Beneath this task are records; print exactly the stretch of them from the line with "意味不明あだ名 | 『もやし科よとぎ属』『永久保存よとぎ』 |" through the line with "그리고 부암동 삼거리로", both ends included.

━━━━━ DATA TO PROCESS ━━━━━

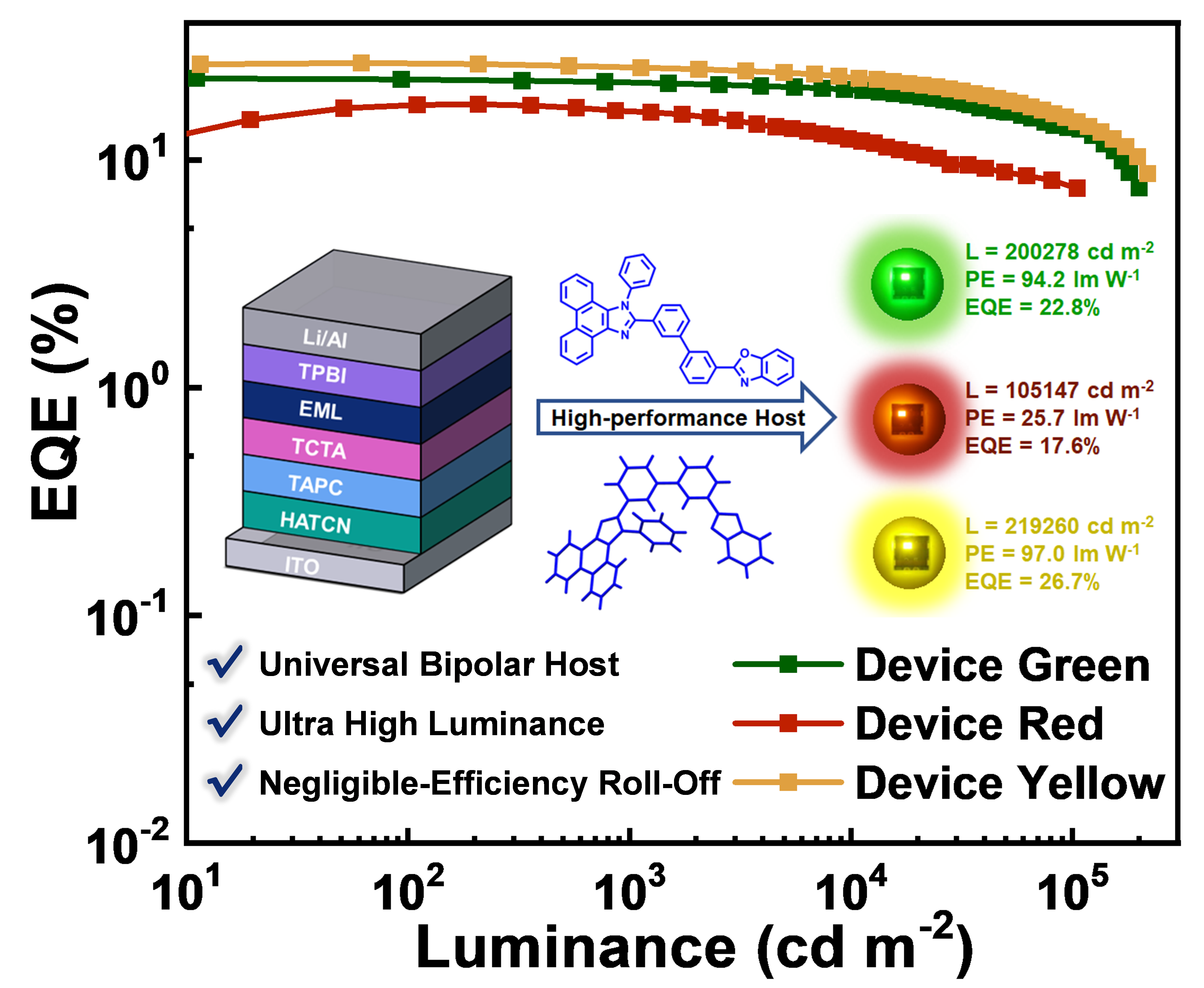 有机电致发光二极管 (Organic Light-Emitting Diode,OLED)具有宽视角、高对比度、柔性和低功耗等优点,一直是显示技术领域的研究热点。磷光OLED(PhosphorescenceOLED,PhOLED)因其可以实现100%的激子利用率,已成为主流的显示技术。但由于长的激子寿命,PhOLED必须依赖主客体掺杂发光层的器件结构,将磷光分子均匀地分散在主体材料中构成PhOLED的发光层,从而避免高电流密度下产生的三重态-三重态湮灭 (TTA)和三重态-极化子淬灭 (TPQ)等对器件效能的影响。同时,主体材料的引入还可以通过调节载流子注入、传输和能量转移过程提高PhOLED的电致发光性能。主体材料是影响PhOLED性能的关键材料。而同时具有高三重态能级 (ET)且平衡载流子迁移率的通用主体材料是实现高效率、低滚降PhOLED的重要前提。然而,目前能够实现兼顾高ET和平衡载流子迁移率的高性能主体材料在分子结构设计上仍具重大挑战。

━━━━━
━━━━━ DATA TO PROCESS ━━━━━

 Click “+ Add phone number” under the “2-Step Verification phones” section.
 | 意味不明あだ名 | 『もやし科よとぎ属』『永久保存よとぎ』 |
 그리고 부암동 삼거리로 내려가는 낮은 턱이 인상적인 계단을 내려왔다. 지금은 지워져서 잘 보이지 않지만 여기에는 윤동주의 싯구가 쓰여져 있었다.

━━━━━

### EXERCISE SOLUTION:
 | 意味不明あだ名 | 『もやし科よとぎ属』『永久保存よとぎ』 |
 그리고 부암동 삼거리로 내려가는 낮은 턱이 인상적인 계단을 내려왔다. 지금은 지워져서 잘 보이지 않지만 여기에는 윤동주의 싯구가 쓰여져 있었다.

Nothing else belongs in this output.